If you feel pressured, it is likely that you are paying your debts then
finding you are short of funds for your essential spending on food, accommodation, and other family needs. This is no way to live.
To turn things around, put your well being and that of your family ahead of
creditor demands. Choose to keep enough of your earnings to cover your essential living expenses between pay days. Debt payments come a distant second. This also happens to be the
legal position too, although you will not find any creditor or debt collector
telling you so. Make this first change in your approach and overnight,
the pressure you are under to provide for your family, will ease.

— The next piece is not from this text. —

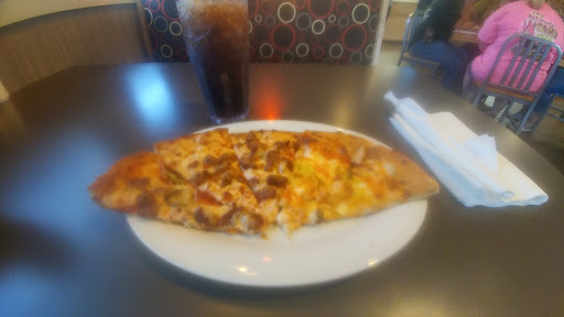Took forever to get our food while we was sitting at the table the floor you look at the floor you can see the food all over it from where the Buffett was two people walk by the food neither one of them bothered even sweep it up but yet both of them had a broom in their hand and when we did get the food it was cold didnt even get refills on her drink and instead of getting plates the lady brought paper plates and that is this lazy to go into a pizza place and get a paper plate to eat instead of a regular plate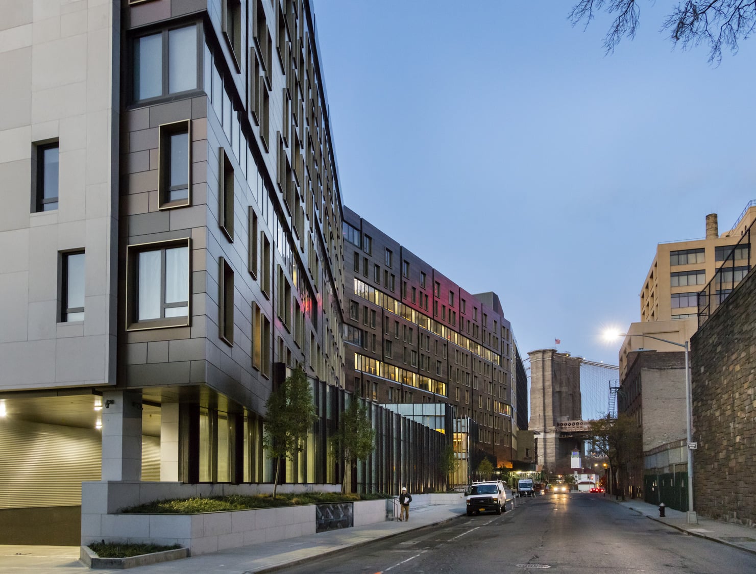 The Furman Street facade rises in a series of articulated metal and stone panels, shaping a stepped profile that aligns with the narrow street while preserving views toward the Brooklyn Bridge.

What about your creditors you ask. Well, you have Rights and those Rights
create options for dealing with your debts on your terms. Our service is to introduce you to your Rights and teach you how to use them to
overcome your debt problems in a dignified way.
If you don’t qualify for a debt consolidation loan, the next thing to consider is whether you need to do something at all. If you have few assets of value and you are not working then creditors will find it hard to force you to pay because you don’t have any spare money. Sure, they can annoy you with calls and letters but when you have nothing to give them then their debt recovery process becomes ineffective. Be truthful and tell creditors that you are out of work but looking to return to work and that you will pay them when you are able. If you aren’t returning to work, tell them that.
In another example, if you know that you will shortly receive enough money to pay your debts perhaps from an inheritance or the sale of property, sit tight and put up with the calls of demand. You have exactly as long as it takes the creditors to bankrupt you to receive the money and pay them out.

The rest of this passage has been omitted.